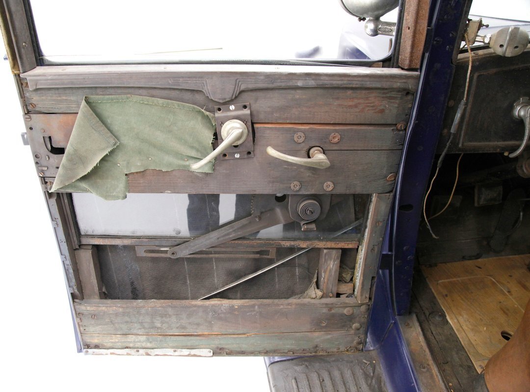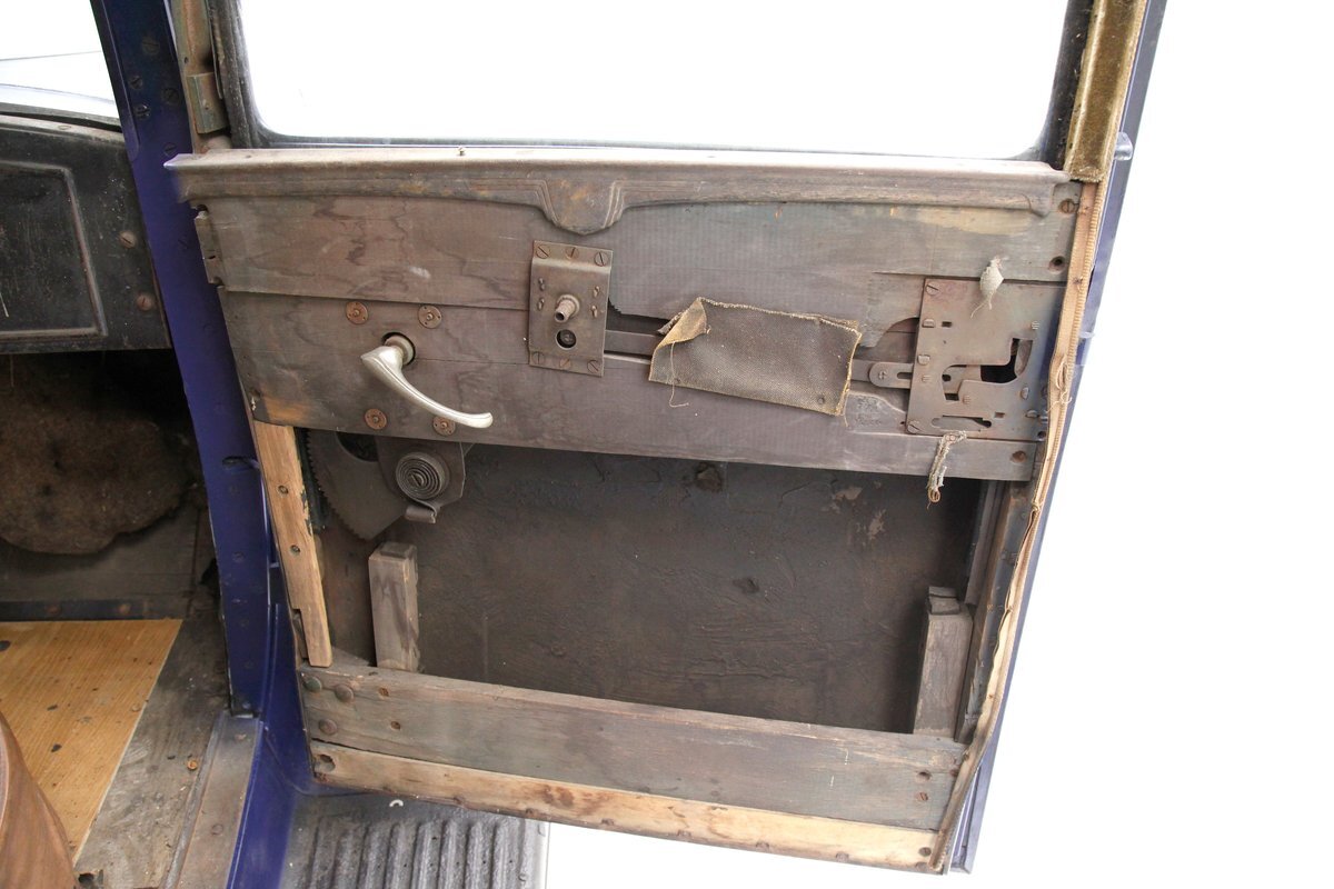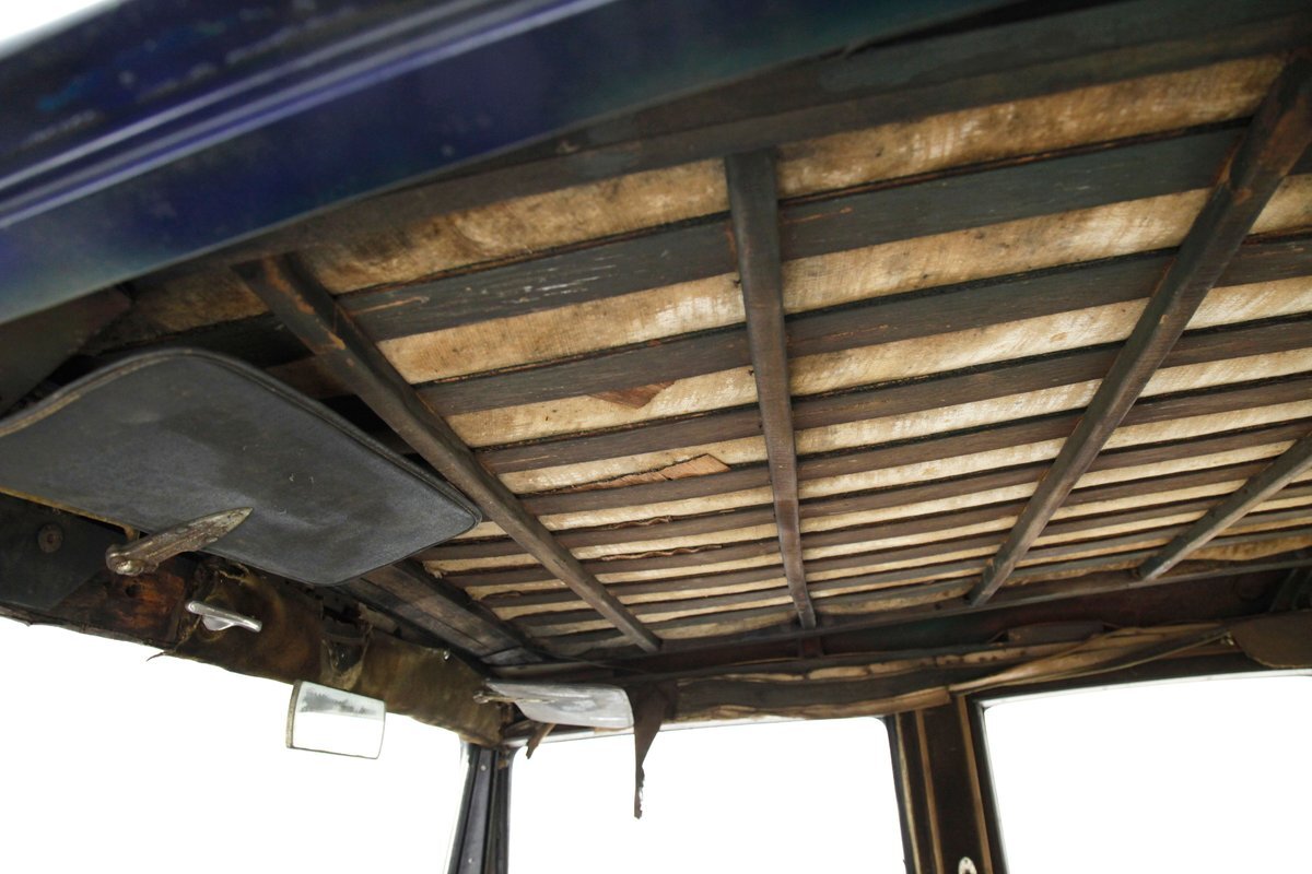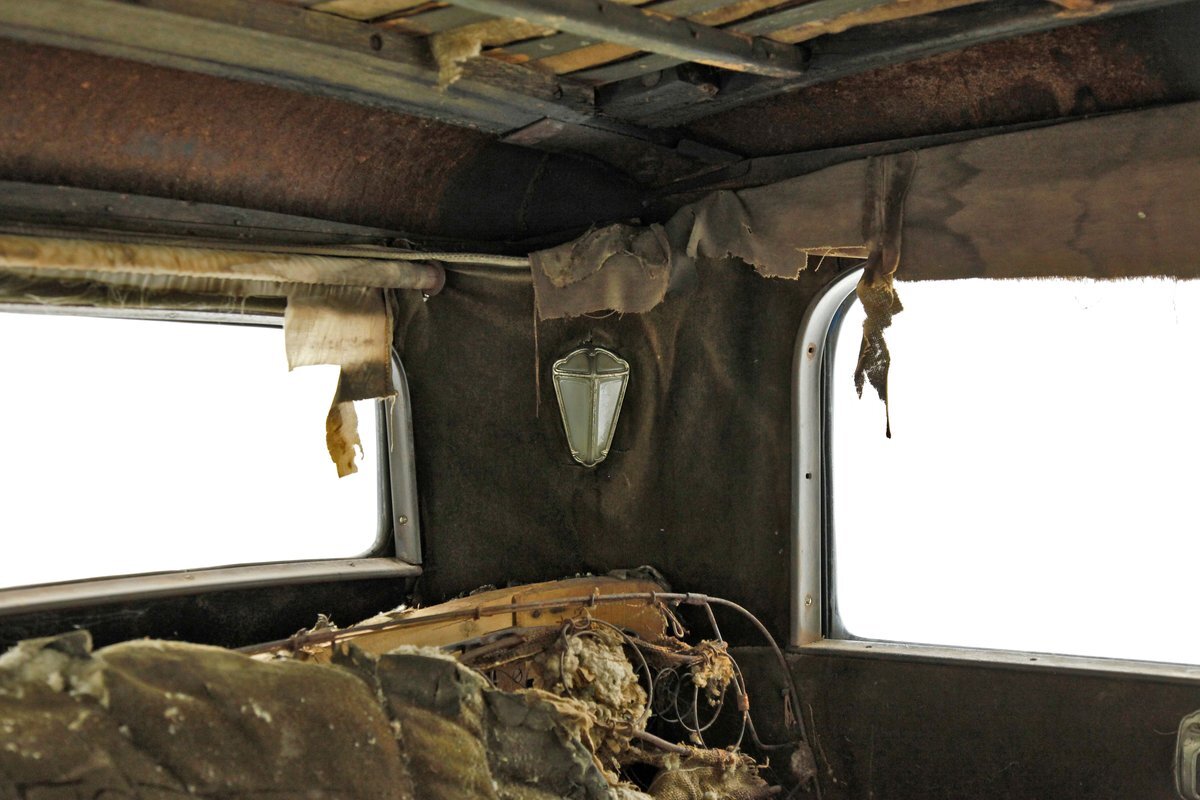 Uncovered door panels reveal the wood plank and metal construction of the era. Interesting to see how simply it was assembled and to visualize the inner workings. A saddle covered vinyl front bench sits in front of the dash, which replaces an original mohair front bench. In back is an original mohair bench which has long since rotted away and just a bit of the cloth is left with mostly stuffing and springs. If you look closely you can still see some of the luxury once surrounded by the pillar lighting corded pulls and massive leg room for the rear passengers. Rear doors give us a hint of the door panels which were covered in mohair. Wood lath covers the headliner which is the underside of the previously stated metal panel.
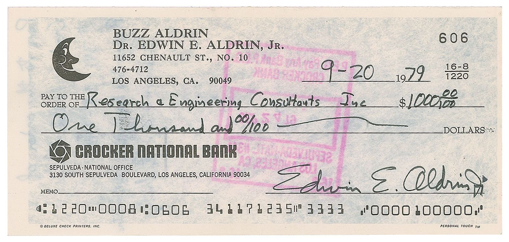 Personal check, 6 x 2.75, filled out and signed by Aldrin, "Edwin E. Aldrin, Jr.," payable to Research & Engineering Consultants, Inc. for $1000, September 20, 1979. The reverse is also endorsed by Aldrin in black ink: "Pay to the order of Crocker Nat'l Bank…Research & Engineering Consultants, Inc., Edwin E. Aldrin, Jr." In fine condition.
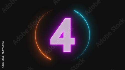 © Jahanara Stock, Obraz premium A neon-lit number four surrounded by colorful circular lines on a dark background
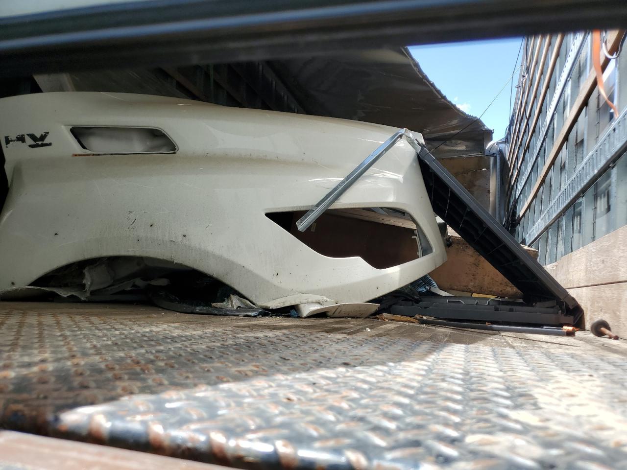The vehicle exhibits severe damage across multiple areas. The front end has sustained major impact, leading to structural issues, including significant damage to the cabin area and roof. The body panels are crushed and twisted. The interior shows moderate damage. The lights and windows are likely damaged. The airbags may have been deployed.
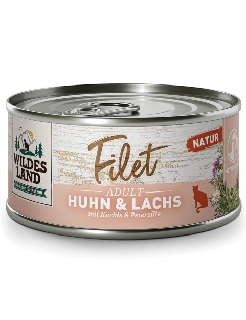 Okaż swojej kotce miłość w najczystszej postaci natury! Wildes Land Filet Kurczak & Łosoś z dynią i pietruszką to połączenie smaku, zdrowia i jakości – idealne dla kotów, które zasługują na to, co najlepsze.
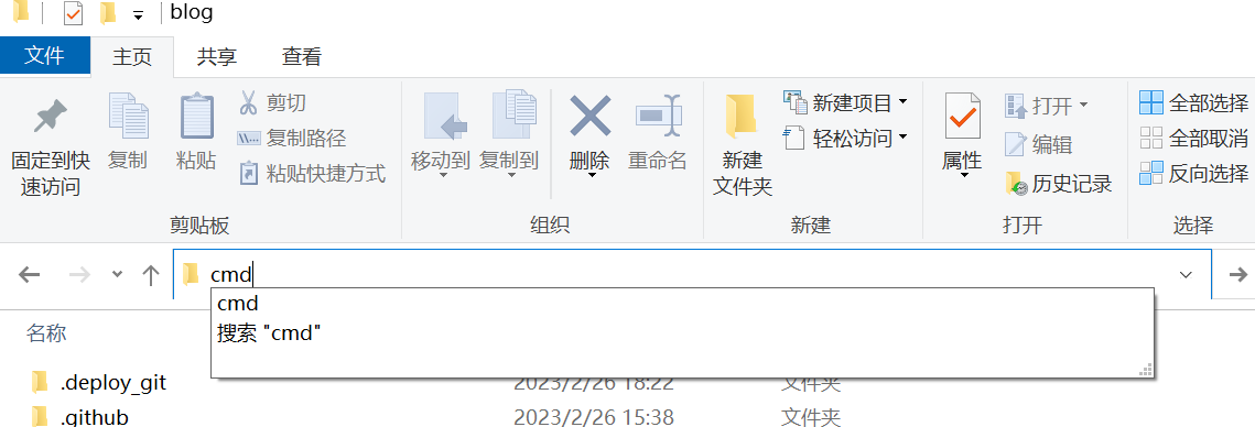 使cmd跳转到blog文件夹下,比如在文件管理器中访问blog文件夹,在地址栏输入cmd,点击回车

*WHAT IS BEING ASKED*
In the data above, please extract the lines from the first one through the line with "The vehicle exhibits", exactly, and keep pictures out.

*ANSWER AREA*
 Uncovered door panels reveal the wood plank and metal construction of the era. Interesting to see how simply it was assembled and to visualize the inner workings. A saddle covered vinyl front bench sits in front of the dash, which replaces an original mohair front bench. In back is an original mohair bench which has long since rotted away and just a bit of the cloth is left with mostly stuffing and springs. If you look closely you can still see some of the luxury once surrounded by the pillar lighting corded pulls and massive leg room for the rear passengers. Rear doors give us a hint of the door panels which were covered in mohair. Wood lath covers the headliner which is the underside of the previously stated metal panel.
 Personal check, 6 x 2.75, filled out and signed by Aldrin, "Edwin E. Aldrin, Jr.," payable to Research & Engineering Consultants, Inc. for $1000, September 20, 1979. The reverse is also endorsed by Aldrin in black ink: "Pay to the order of Crocker Nat'l Bank…Research & Engineering Consultants, Inc., Edwin E. Aldrin, Jr." In fine condition.
 © Jahanara Stock, Obraz premium A neon-lit number four surrounded by colorful circular lines on a dark background
The vehicle exhibits severe damage across multiple areas. The front end has sustained major impact, leading to structural issues, including significant damage to the cabin area and roof. The body panels are crushed and twisted. The interior shows moderate damage. The lights and windows are likely damaged. The airbags may have been deployed.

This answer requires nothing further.